# Work item:
Below this line are records; transcribe exactly the lines between the one holding "該壺體態(tài)圓潤、靈巧" and the one holding "Prodej nádherné stavební", inclusive, and omit the pictures.

Collected data

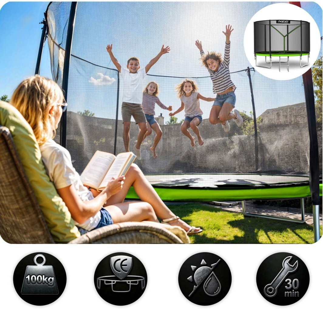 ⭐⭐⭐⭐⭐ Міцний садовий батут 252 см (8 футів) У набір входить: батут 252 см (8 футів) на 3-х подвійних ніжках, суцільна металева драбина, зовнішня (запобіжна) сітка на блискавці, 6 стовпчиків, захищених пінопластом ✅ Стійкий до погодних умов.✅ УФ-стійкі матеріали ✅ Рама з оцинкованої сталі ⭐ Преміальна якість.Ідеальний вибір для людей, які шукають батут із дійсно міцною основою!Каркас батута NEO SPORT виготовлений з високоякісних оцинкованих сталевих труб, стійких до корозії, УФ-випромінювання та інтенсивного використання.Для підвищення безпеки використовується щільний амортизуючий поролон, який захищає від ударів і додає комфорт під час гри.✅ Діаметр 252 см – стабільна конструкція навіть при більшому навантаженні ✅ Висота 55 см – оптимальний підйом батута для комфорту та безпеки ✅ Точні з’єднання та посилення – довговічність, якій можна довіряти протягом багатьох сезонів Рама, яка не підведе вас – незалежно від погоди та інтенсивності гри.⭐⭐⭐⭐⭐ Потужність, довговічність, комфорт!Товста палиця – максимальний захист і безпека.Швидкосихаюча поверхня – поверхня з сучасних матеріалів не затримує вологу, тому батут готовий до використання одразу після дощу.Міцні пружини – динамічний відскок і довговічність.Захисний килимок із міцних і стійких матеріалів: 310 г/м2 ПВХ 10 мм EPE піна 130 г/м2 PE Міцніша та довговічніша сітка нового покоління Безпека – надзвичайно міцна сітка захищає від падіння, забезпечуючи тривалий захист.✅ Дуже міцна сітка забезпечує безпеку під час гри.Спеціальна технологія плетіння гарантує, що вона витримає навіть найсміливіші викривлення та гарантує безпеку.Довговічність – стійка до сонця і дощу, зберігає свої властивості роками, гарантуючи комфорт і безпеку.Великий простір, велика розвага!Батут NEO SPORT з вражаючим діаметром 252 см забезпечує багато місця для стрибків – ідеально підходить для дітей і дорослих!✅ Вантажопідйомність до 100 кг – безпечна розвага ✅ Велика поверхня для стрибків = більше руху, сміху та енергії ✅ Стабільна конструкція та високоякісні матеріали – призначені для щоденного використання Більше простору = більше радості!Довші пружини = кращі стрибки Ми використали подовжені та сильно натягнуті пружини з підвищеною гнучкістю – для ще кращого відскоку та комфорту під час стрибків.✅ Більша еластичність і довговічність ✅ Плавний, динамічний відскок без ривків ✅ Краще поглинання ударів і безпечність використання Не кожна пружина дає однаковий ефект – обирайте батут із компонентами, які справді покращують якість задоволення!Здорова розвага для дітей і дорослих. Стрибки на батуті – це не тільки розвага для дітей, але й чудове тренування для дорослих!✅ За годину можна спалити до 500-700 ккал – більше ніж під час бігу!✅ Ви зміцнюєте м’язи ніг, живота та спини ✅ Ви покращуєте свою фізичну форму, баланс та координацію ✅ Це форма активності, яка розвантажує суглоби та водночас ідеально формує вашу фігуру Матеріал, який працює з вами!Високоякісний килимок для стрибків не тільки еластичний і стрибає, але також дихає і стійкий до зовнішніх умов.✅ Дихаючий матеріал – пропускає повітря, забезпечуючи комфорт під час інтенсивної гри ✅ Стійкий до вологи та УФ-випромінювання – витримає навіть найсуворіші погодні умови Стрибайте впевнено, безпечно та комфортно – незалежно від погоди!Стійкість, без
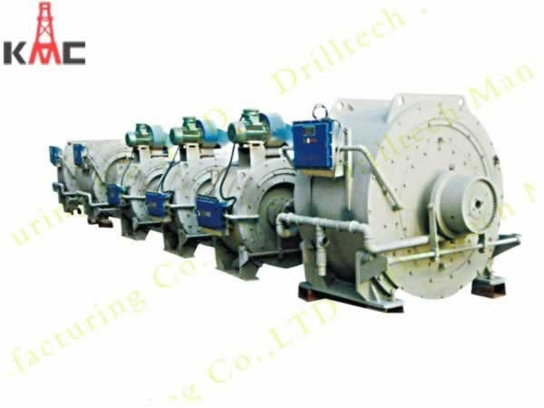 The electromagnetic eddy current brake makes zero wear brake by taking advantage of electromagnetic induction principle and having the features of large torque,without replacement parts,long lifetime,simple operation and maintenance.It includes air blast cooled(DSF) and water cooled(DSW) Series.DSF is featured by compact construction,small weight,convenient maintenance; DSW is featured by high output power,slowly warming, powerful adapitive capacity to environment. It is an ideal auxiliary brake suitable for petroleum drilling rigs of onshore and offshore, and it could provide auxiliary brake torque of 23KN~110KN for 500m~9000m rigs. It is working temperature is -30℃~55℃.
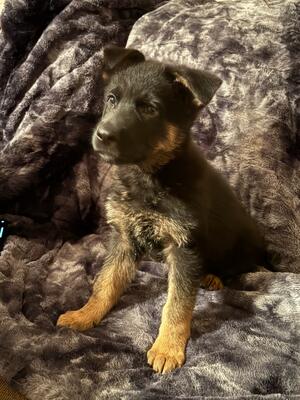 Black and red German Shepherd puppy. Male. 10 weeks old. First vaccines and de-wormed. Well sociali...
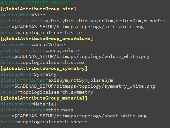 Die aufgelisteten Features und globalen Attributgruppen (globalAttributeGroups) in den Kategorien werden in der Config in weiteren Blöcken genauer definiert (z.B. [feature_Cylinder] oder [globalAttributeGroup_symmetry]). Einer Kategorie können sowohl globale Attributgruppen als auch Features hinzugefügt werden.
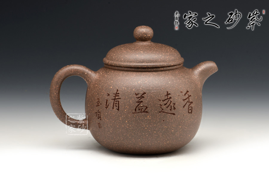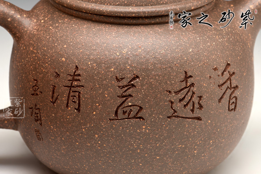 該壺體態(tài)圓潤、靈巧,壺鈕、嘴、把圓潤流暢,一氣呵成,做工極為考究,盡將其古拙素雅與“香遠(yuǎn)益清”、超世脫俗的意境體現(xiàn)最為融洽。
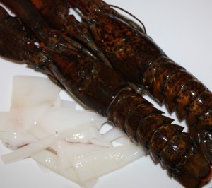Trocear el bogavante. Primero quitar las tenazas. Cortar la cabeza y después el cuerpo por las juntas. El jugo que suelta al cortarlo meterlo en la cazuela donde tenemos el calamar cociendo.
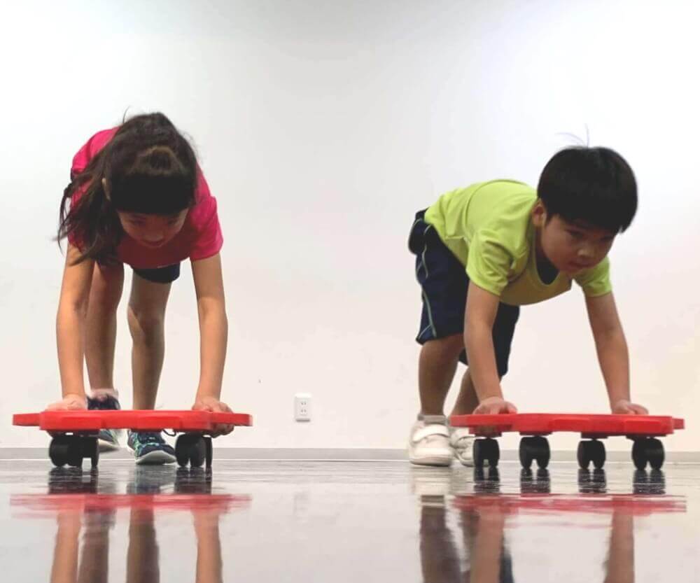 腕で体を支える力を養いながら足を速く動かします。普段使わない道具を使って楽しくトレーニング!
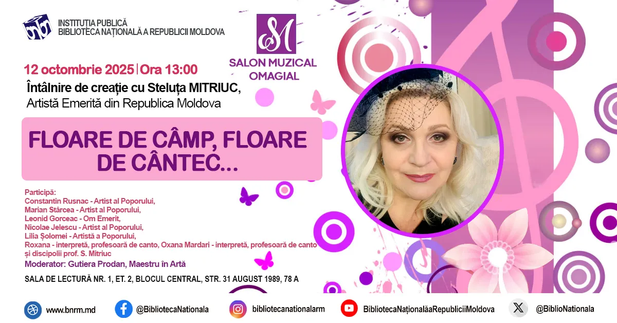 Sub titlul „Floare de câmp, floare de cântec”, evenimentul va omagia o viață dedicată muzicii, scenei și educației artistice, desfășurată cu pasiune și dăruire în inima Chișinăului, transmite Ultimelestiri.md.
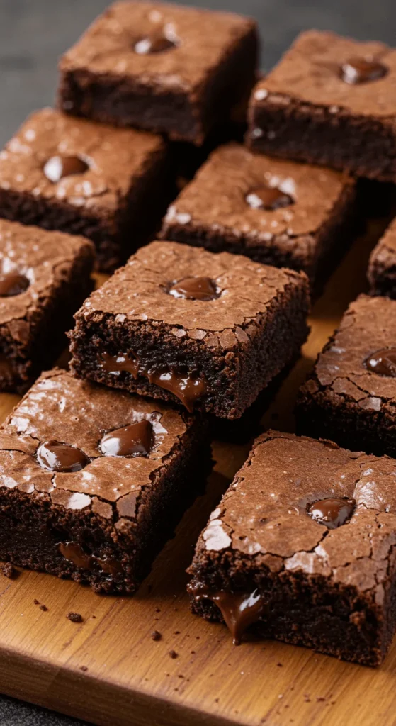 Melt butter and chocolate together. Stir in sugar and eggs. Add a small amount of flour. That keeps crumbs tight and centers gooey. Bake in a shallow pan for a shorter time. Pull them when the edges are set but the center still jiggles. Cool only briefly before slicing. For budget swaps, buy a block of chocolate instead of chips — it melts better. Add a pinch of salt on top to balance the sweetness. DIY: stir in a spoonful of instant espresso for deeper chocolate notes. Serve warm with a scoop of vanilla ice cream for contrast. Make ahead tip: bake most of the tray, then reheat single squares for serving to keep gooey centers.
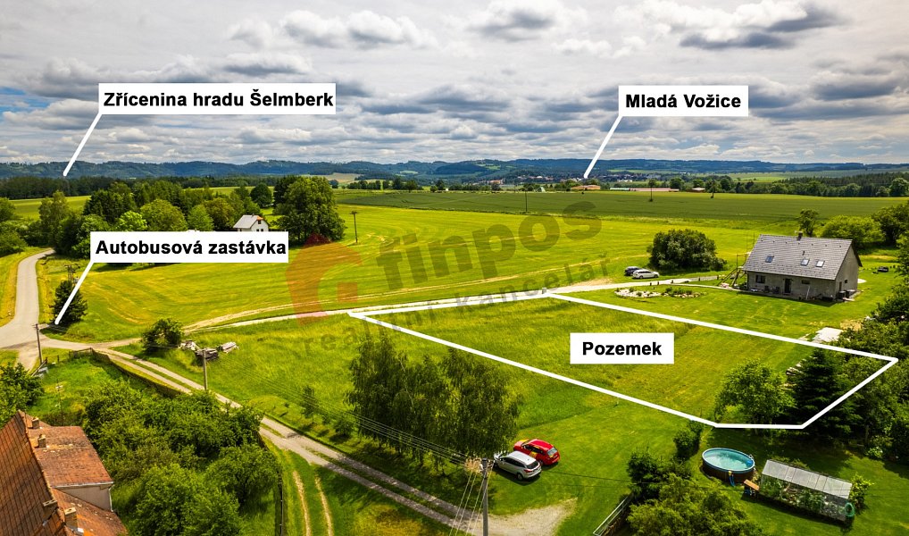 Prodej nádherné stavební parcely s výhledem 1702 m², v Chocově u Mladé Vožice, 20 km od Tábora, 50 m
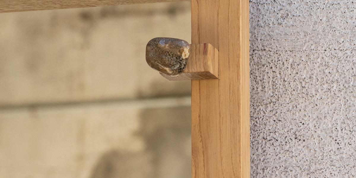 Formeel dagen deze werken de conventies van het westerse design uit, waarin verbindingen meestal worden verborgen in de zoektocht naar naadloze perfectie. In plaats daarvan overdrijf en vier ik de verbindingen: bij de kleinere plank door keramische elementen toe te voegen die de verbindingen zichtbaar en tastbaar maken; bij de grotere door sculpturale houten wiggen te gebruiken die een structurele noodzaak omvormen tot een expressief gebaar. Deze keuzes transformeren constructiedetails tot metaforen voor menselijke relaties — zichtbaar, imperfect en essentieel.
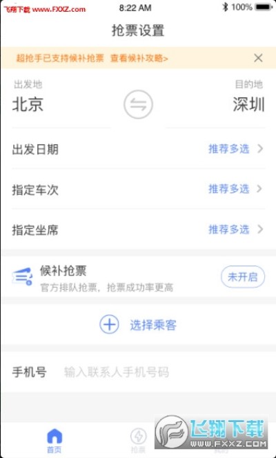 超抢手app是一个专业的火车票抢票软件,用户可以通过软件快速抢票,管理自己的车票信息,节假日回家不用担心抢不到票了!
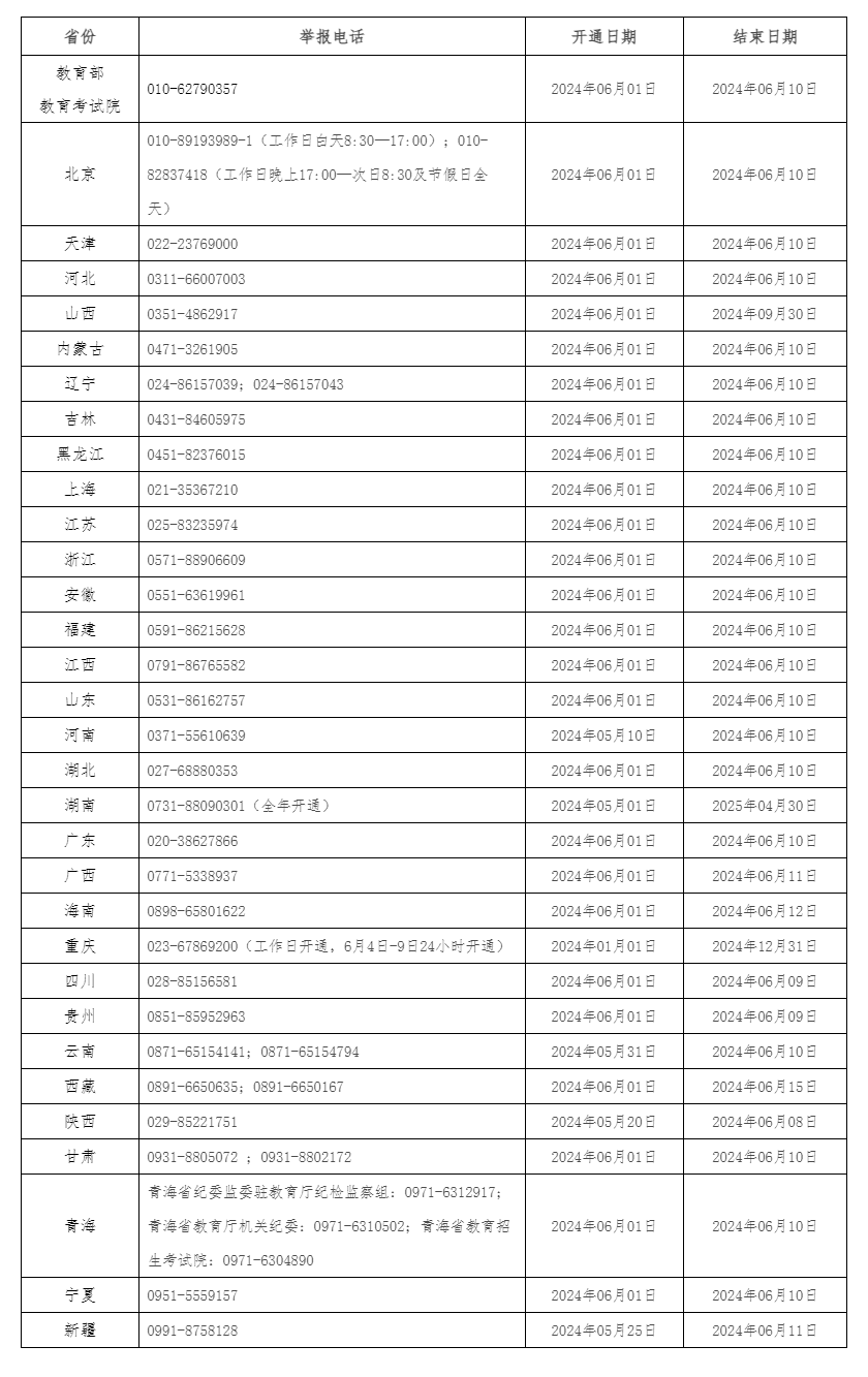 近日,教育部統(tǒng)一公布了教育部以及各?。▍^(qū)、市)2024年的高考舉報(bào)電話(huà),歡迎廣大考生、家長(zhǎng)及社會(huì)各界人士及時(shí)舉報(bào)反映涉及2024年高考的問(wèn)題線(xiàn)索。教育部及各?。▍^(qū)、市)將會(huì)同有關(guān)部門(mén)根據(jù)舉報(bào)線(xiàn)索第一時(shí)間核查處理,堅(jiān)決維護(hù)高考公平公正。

# Result for this exercise:
 該壺體態(tài)圓潤、靈巧,壺鈕、嘴、把圓潤流暢,一氣呵成,做工極為考究,盡將其古拙素雅與“香遠(yuǎn)益清”、超世脫俗的意境體現(xiàn)最為融洽。
Trocear el bogavante. Primero quitar las tenazas. Cortar la cabeza y después el cuerpo por las juntas. El jugo que suelta al cortarlo meterlo en la cazuela donde tenemos el calamar cociendo.
 腕で体を支える力を養いながら足を速く動かします。普段使わない道具を使って楽しくトレーニング!
 Sub titlul „Floare de câmp, floare de cântec”, evenimentul va omagia o viață dedicată muzicii, scenei și educației artistice, desfășurată cu pasiune și dăruire în inima Chișinăului, transmite Ultimelestiri.md.
 Melt butter and chocolate together. Stir in sugar and eggs. Add a small amount of flour. That keeps crumbs tight and centers gooey. Bake in a shallow pan for a shorter time. Pull them when the edges are set but the center still jiggles. Cool only briefly before slicing. For budget swaps, buy a block of chocolate instead of chips — it melts better. Add a pinch of salt on top to balance the sweetness. DIY: stir in a spoonful of instant espresso for deeper chocolate notes. Serve warm with a scoop of vanilla ice cream for contrast. Make ahead tip: bake most of the tray, then reheat single squares for serving to keep gooey centers.
 Prodej nádherné stavební parcely s výhledem 1702 m², v Chocově u Mladé Vožice, 20 km od Tábora, 50 m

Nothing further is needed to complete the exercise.